Sam was given a high dose of oral steroids and began to feel better within a few weeks.

The joint pain eased, her hands worked well again, and she began to regain her energy. But in the following years, she needed increasingly higher doses of the medication to alleviate the symptoms.

Sam also received seven stones in the course of her illness – a common side effect of steroids.

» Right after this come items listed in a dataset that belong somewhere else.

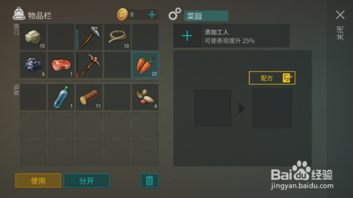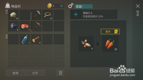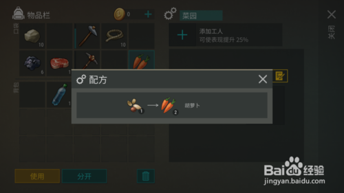 5.關(guān)于農(nóng)田本人做的測試:目前我的農(nóng)田上限為2塊(媽個雞為了測試不小心多造了兩個現(xiàn)在放不下去了心疼..(???ε???)),以一塊放一個種子,一塊放二個種子測試,最后結(jié)果顯示2個種子產(chǎn)出的蘿卜是1個種子的整兩倍,放入種子后顯示的時間是一個種子完成生長的時間,所以建議農(nóng)田可以按能造的最大數(shù)目建造,平均放入種子以獲得最大利用率
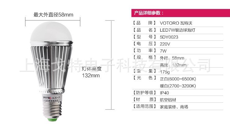 LED灯泡 节能灯 球泡灯 螺口灯 7W
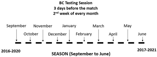 This longitudinal study was carried out in 5 seasons. The first season was 2016/2017 and the last in 2020/2021. The Under14 (U14), U15, U16, U17 and U18 categories were controlled. The season was from September to June. As a marker of the anthropometric status of the players, a monthly control of BC was carried out. The nomenclature used to name the training sessions considers the days prior to the game. That is, Match Day (MD), MD + 1 (1 Day after the match), MD−4 (4 days before the match), MD−3 (3 days before the match), MD−2 (2 days before the match), and MD−1 (1 day before match) [27].
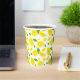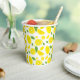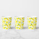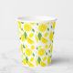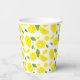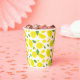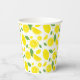 Lemon paper cups with a food pattern of smiling lemons and green leaves on a white background. These cute cups with their citrus fruit pattern will add to the fun of your event.
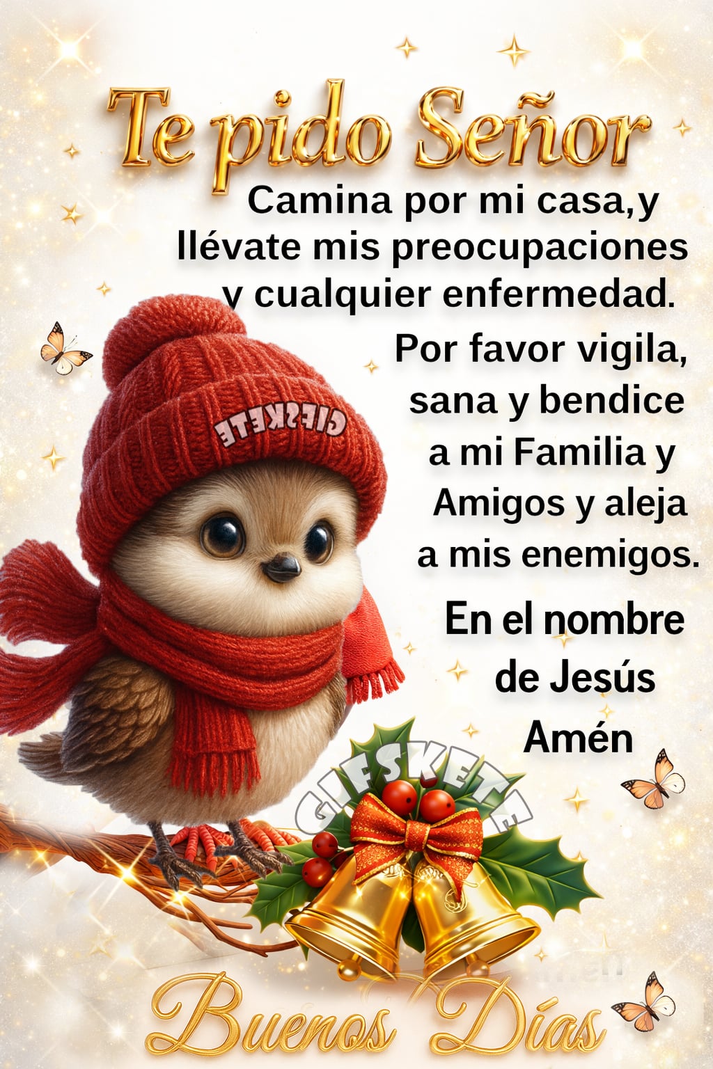 Te pido, Señor, camina por mi casa, y Llévate mis preocupaciones. Y cualquier enfermedad. Por favor, vigila, sana y bendice a mi familia y amigos y aleja a mis enemigos. En el nombre de...
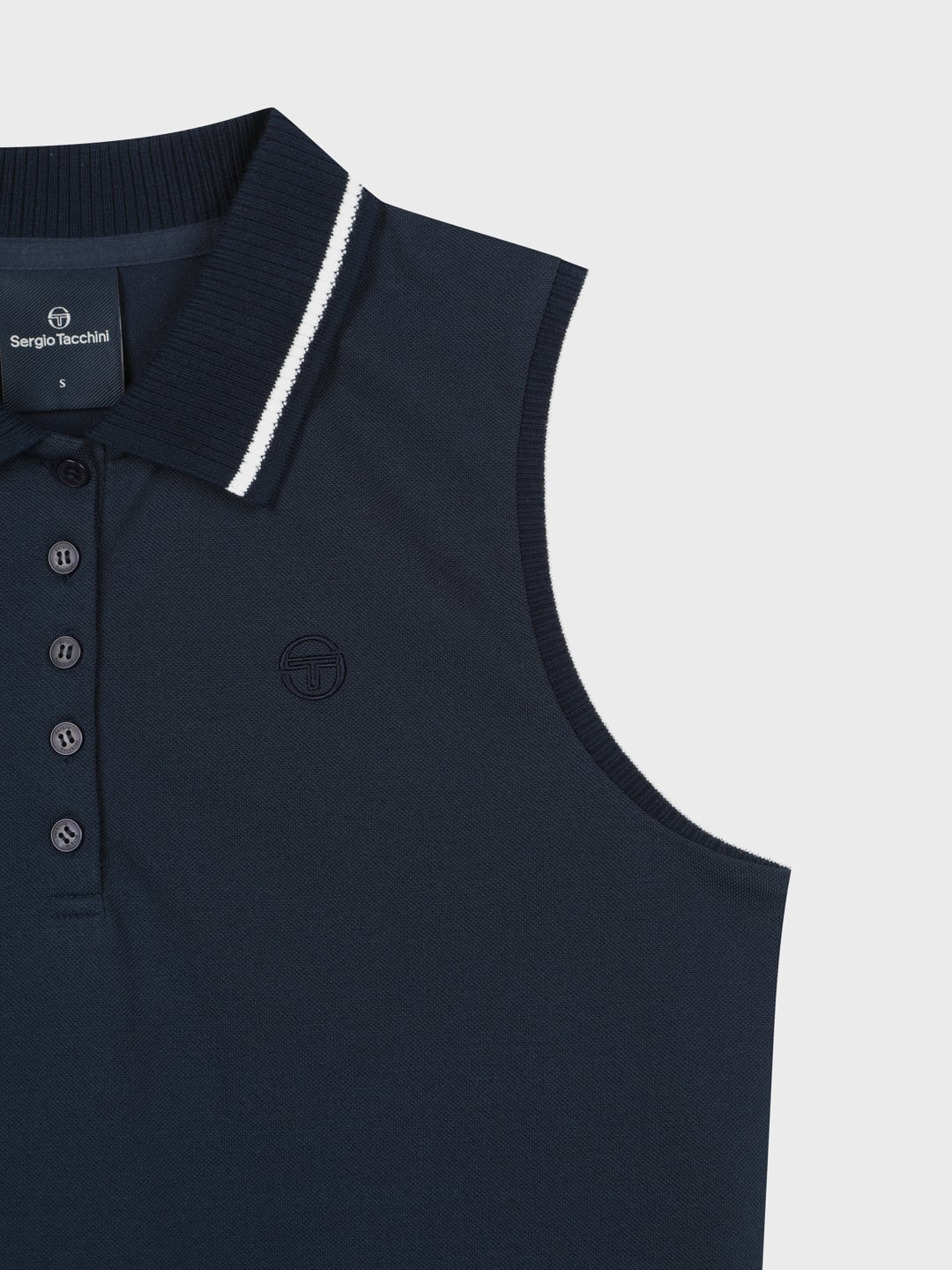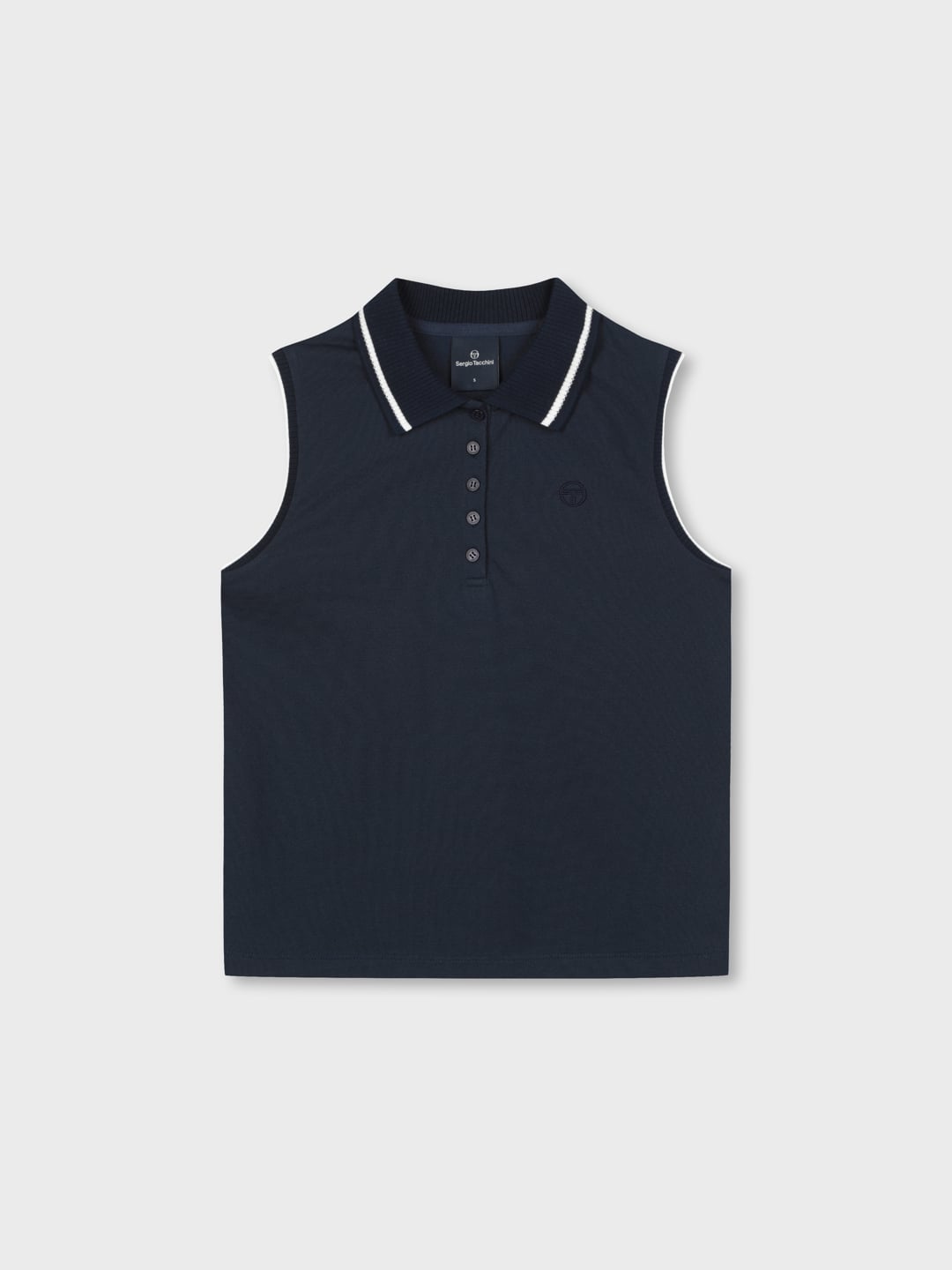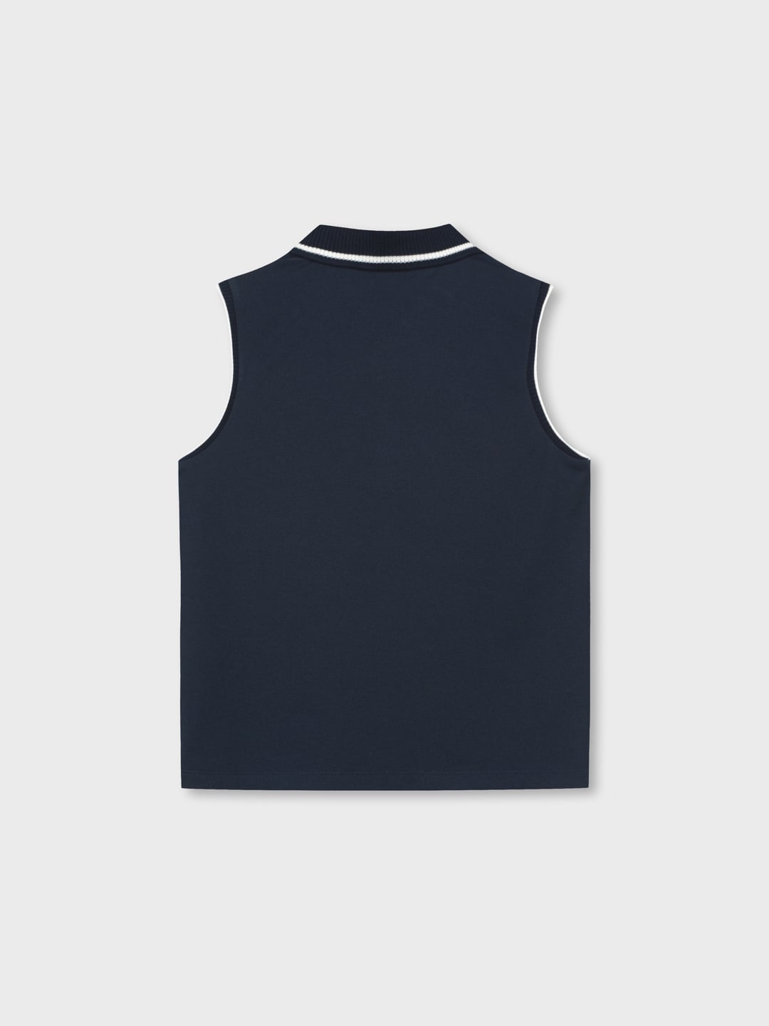 - - 세련된 핀 스트라이프 리브 조직 카라로 클래식하면서도 스포티한 무드를 주는 슬리브리스 폴로
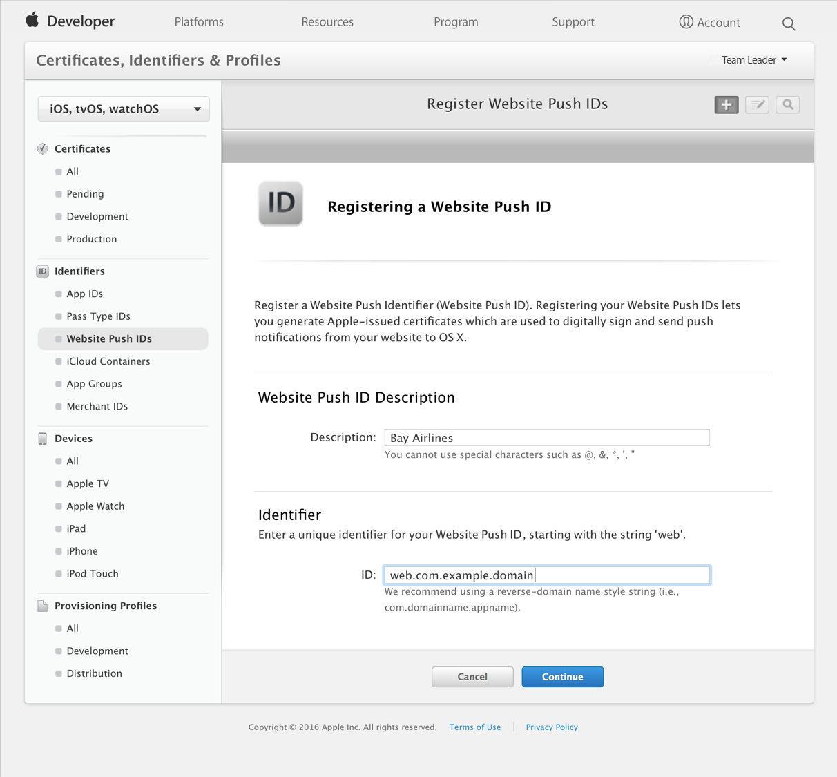 web.com.example.domain(the string must start withweb.). This is also known as the Website Push ID.Website Push ID Description. This is the name used throughout the Provisioning Portal to refer to your website. Use it for your own benefit to label your Website Push IDs into a more human-readable format.

“My weight became so bad that I started developing osteoarthritis with early onset. And if I even went in the sun for a few minutes, my face, chest, back and legs would blister. “

So when the opportunity arose in 2017 to participate in a groundbreaking new test, Sam seized it.

She started visiting her local hospital every month to inject the new medicine into a vein in her arm.

After only three or four treatments, she noticed a significant improvement in her health. “The rash dropped, my joints felt less stiff and painful and my weight started to decrease. My skin has been completely clean for over a year now – no trace of a rash.

“I was able to socialize more and enjoy warm summer days by the sea with my family.

“Before I received this new medicine, I couldn’t even hold a pen.”

Sam has reduced her daily dose of steroids from 25 mg to just 5 mg.

“And I’ve lost almost three and a half stones,” she says. “This medicine has completely changed my life.”

Dr. Vital says that much more like Sam could benefit.

“She has had such a terrible time with this disease.

“But the new medicine has made a huge difference in her life.”